Exercise
Please transcribe the listing that follows exactly; images are to be excluded.

Material provided
- - - -

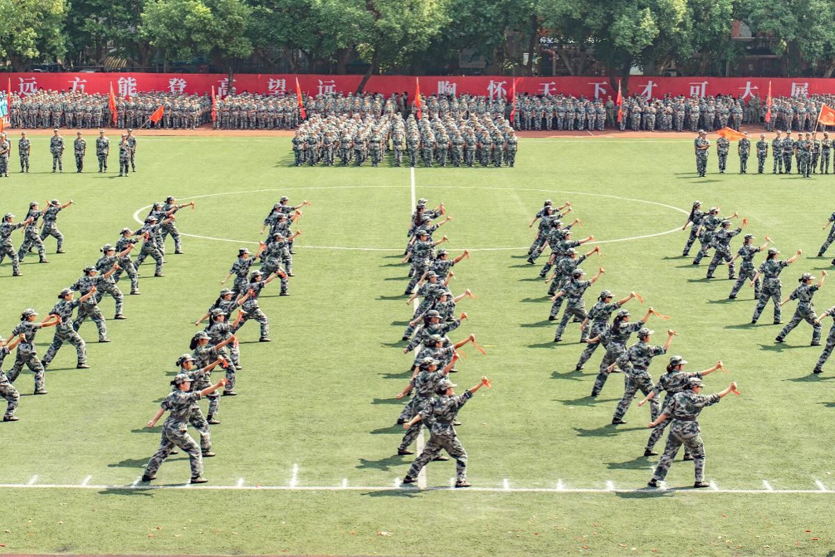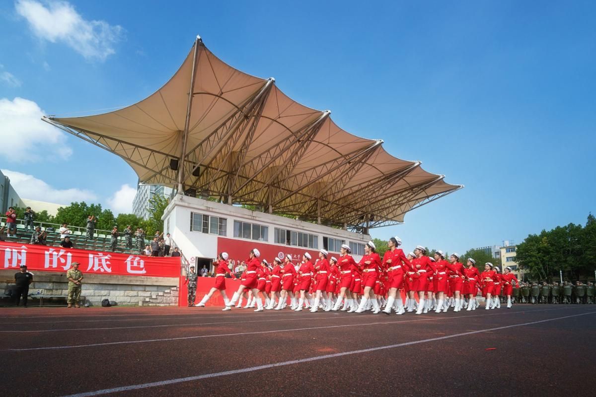 开学典礼后举行了2025级本科生军训成果汇报大会。
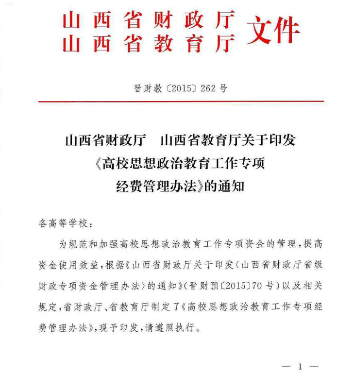 山西省财政厅 山西省教育厅关于印发《高校思想政治教育工作专业经费管理办法》的通知
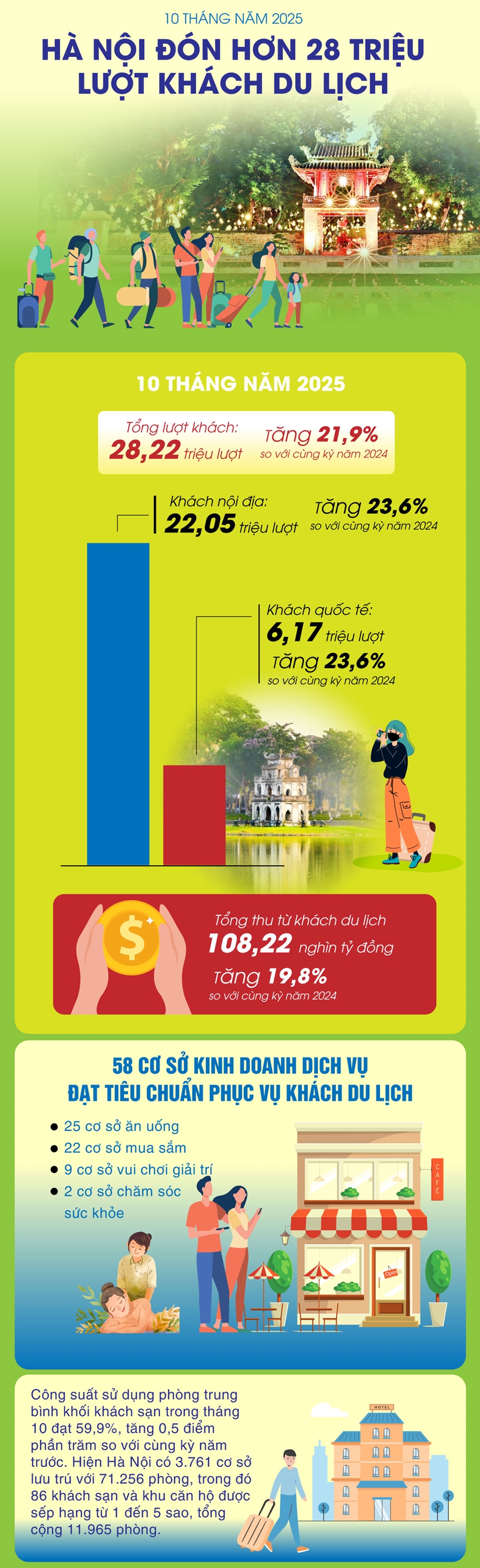 Trong 10 tháng đầu năm 2025, Hà Nội đón hơn 28,2 triệu lượt du khách. Trong đó, lượng khách quốc tế đạt hơn 6,1 triệu, khẳng định sức hút ngày càng lớn của Hà Nội trên bản đồ du lịch Việt Nam và thế giới.
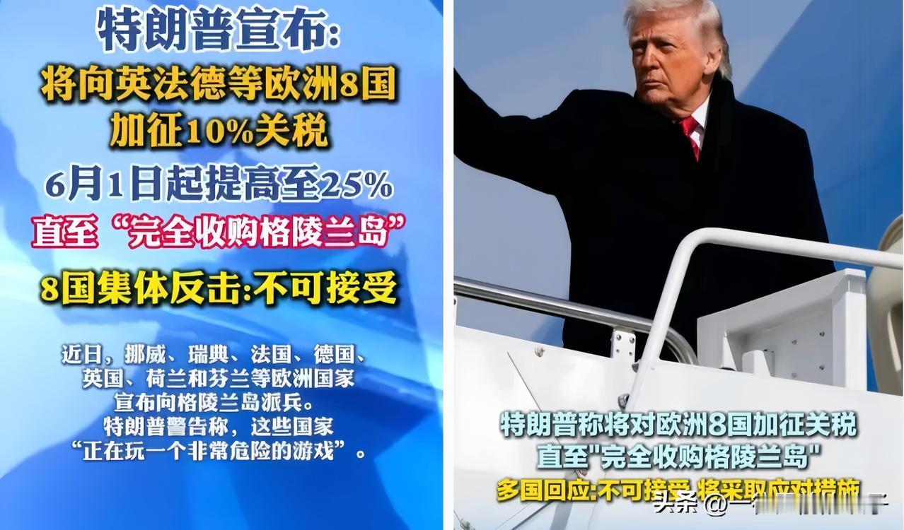 为了强买格陵兰岛,直接把刀架在了自家“亲兄弟”脖子上。 特朗普宣布,2月1号起,对英、法、德、瑞典等8个铁杆盟友加征10%关税,6月1号直接飙到25%。 话撂得明明白白:什么时候把岛卖给我,这关税什么时候停。 平时这些国家那是唯美国马首是瞻,叫往东绝不往西,结果呢? 这就是典型的“杀熟”。 你想着抱大腿,人家想着怎么吃你的肉。 这招离间计用得那是炉火纯青,不打所有欧盟国家,专门挑几个带头的和北欧的打。 既是试探底线,也是公开羞辱。 真把地缘玩成了黑帮收保护费。 以前是给大哥递刀子,现在自己成了大哥案板上的鱼肉。 这就叫,人为刀俎,我为鱼肉,想跑?门儿都没有。

- - - -

Written reply
 开学典礼后举行了2025级本科生军训成果汇报大会。
 山西省财政厅 山西省教育厅关于印发《高校思想政治教育工作专业经费管理办法》的通知
 Trong 10 tháng đầu năm 2025, Hà Nội đón hơn 28,2 triệu lượt du khách. Trong đó, lượng khách quốc tế đạt hơn 6,1 triệu, khẳng định sức hút ngày càng lớn của Hà Nội trên bản đồ du lịch Việt Nam và thế giới.
 为了强买格陵兰岛,直接把刀架在了自家“亲兄弟”脖子上。 特朗普宣布,2月1号起,对英、法、德、瑞典等8个铁杆盟友加征10%关税,6月1号直接飙到25%。 话撂得明明白白:什么时候把岛卖给我,这关税什么时候停。 平时这些国家那是唯美国马首是瞻,叫往东绝不往西,结果呢? 这就是典型的“杀熟”。 你想着抱大腿,人家想着怎么吃你的肉。 这招离间计用得那是炉火纯青,不打所有欧盟国家,专门挑几个带头的和北欧的打。 既是试探底线,也是公开羞辱。 真把地缘玩成了黑帮收保护费。 以前是给大哥递刀子,现在自己成了大哥案板上的鱼肉。 这就叫,人为刀俎,我为鱼肉,想跑?门儿都没有。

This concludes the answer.